Sunday, April 24, 2011

Round One

I wrote this after spending a little time with Rilke's Duino Elegies. I'm still not sure if I like it. Either way, I think it needs to be cut with the editing knife in the near future. I also definitely plan on reworking the line breaks to follow a somewhat more orderly meter-- nothing too formal, just a business casual approach to following a strict meter. No tie (ahem, iambic pentameter) required, just a pair of khakis to keep things semi-professional. At any rate, my apologies for any formatting or grammatical errors. Here you go:

On Rilke’s Duino Elegies

I.


“Beauty is nothing but the beginning of terror, which we are still just able to endure”


Is it as Rilke supposed—

no place we can remain?

A roar as the ethereal bodies

float through mansions and mausoleums

ghettos and oil spills, caverns

closets and forests,

whispers swept by the wind


as smoke sucked through a straw

through fissures of time,

cracks of memory, consciousness

and the incomprehensible space

between each atom of every cell.


The worlds spun like fibers of a rope

and so tightly spun, are sent

spinning among the terrifying angels

in the whirlwind between

the living and the dead.


II.


“In the end, those who were carried off early no longer need us”


We must somehow forget all who we leave behind,

though some may find it difficult to forget us.

Lovers will caress the empty side of the bed

or embrace a well worn pillow, even long after the smell

of the departed has faded away.

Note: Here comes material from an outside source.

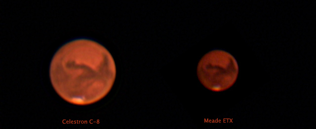 I finally got a chance to directly compare my two main telescopes. I had been getting some disappointing pictures out of the Celestron, so I wanted to see if it was the scope, or just bad seeing on those particular nights. I played with the Celestron a bit and adjusted the collimation slightly. That seemed to help. Then I took both out and within about 3 minutes of each other, took several movies of Mars from which the two pictures below were generated. My conclusion: both are great scopes and I love them dearly. The Celestron can really pull in the light (I had to lower the brightness on the webcam and it's still brighter than the ETX). But the surprise was how great the ETX is. Since it is much smaller and more portable, it gets a lot more use. I'm pleased that such great quality can come from such a small telescope.
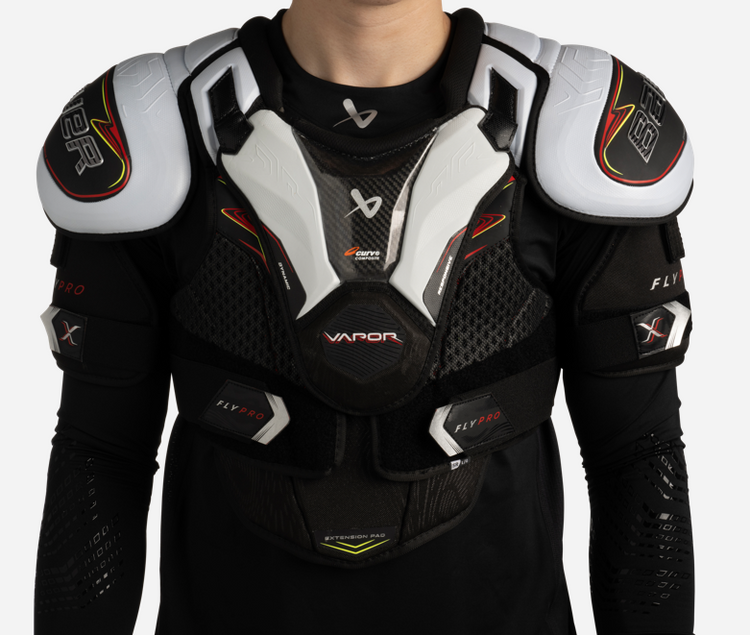 Elevate your protection with VAPOR FLYPRO Shoulder Pads. These pads feature exposed HYPERLITE foam for a stripped-down, athletic fit and lightweight CURV® composite for optimal protection from the game’s most

Our sisters,

and friends will pour through photographs

cut, paste, collage, cry to create lost memories.

Mothers will touch stretch marks, or perhaps

a long, deep scar, hip to hip, as was once the practice,

while fathers choose trinkets—a feather

or a stone found camping forever to be kept

on a desk or nightstand so as to maintain

some connection with the dead.


The cats alone will not be sentimental

in their mourning. They will cry out as they can,

yowling and searching the empty corners of the

unsure of how to devote their lives.


III.


“Of course, it is strange to inhabit the Earth no longer.”


Sooner or later they will all forget,

as I must forget once I reach the whirlwind.

I will forget my customs, so recently learned:

my morning coffee, favorite shirt, nicotine cravings

never quite filled by a fondness for lemon drops.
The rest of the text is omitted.